FIG. 1 is a longitudinal side view showing an example of a suppression pool, FIG. 2 is a block diagram showing an outline of the suppression pool water treatment apparatus of the present invention, and FIG. 3 is a configuration diagram showing a specific embodiment. 3... Suppression pool, 3a... Suppression pool water, B, 8... Hollow system filter mechanism, C2
15... Reverse osmosis membrane mechanism, D, 21. Desalination tower mechanism, F,
(28゜29,30)--crystallization coprecipitation mechanism, G (
31, 32, 33) - Sediment transfer mechanism. Applicant's agent Kiyoshi Inomata

Claims (1)

[Claims] 1. A hollow filter mechanism that removes insoluble corrosion products from the suppression pool water, and a reverse osmosis membrane that removes rust preventive materials from the fluid that flows out of the hollow filter mechanism! and a desalination tower mechanism that removes ionic substances from the fluid flowing out of the reverse osmosis membrane mechanism to produce clean water. 2. A hollow filter mechanism that removes insoluble corrosion products from the suppression pool water, a reverse osmosis membrane mechanism that removes rust preventive material from the fluid that flows out of the hollow filter mechanism, and this reverse osmosis membrane mechanism.

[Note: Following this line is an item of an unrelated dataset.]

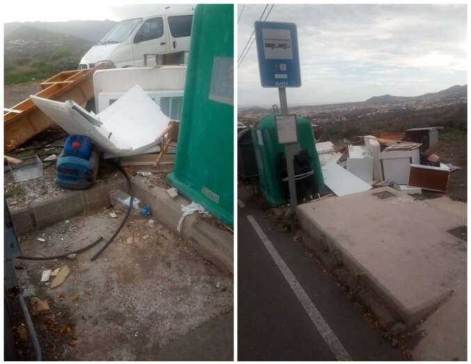 El punto de recogida de basura que está en la calle de Bentaguayre, junto a la parada de guaguas, es un estercolero.
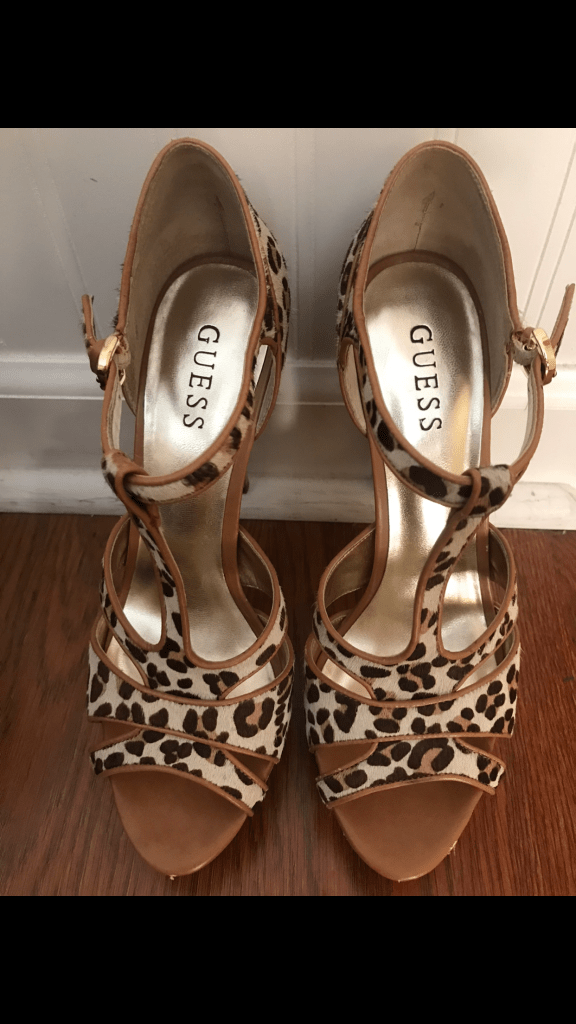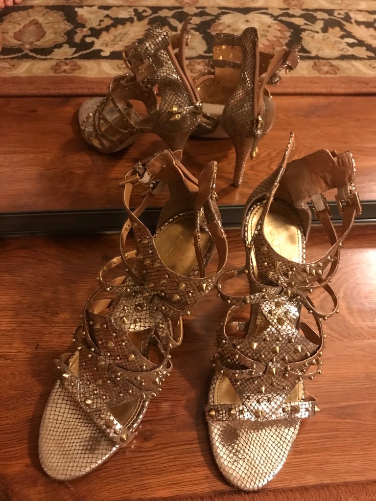 S0LD! GUESS GOLD SPIKED HIGH HEELS STRAP SANDALS Golden Metallic Zip Up PUMPS SZ: 10M (for more search my eBay page!) search eBay user Mizzkittenkitten

A suppression pool water comprising a demineralization tower mechanism that removes ionic substances from the fluid flowing out to produce clean water, and a crystallization coprecipitation mechanism that precipitates the rust preventive material removed by the reverse osmosis membrane mechanism. processing equipment. 3. A hollow filter mechanism that removes insoluble corrosion products from the suppression pool water, a reverse osmosis membrane mechanism that removes rust preventive material from the fluid that flows out of the hollow filter mechanism, and this reverse osmosis membrane mechanism. a desalination tower mechanism that removes ionic substances from the fluid that flows out to produce clean water; a crystallization co-precipitation mechanism that precipitates the rust preventive material removed by the reverse osmosis membrane mechanism; A suppression pool water treatment device comprising a sediment transfer mechanism that transfers and removes the sediment precipitated by the sedimentation mechanism to the hollow filter mechanism and condenses the sediment together with the insoluble corrosion products.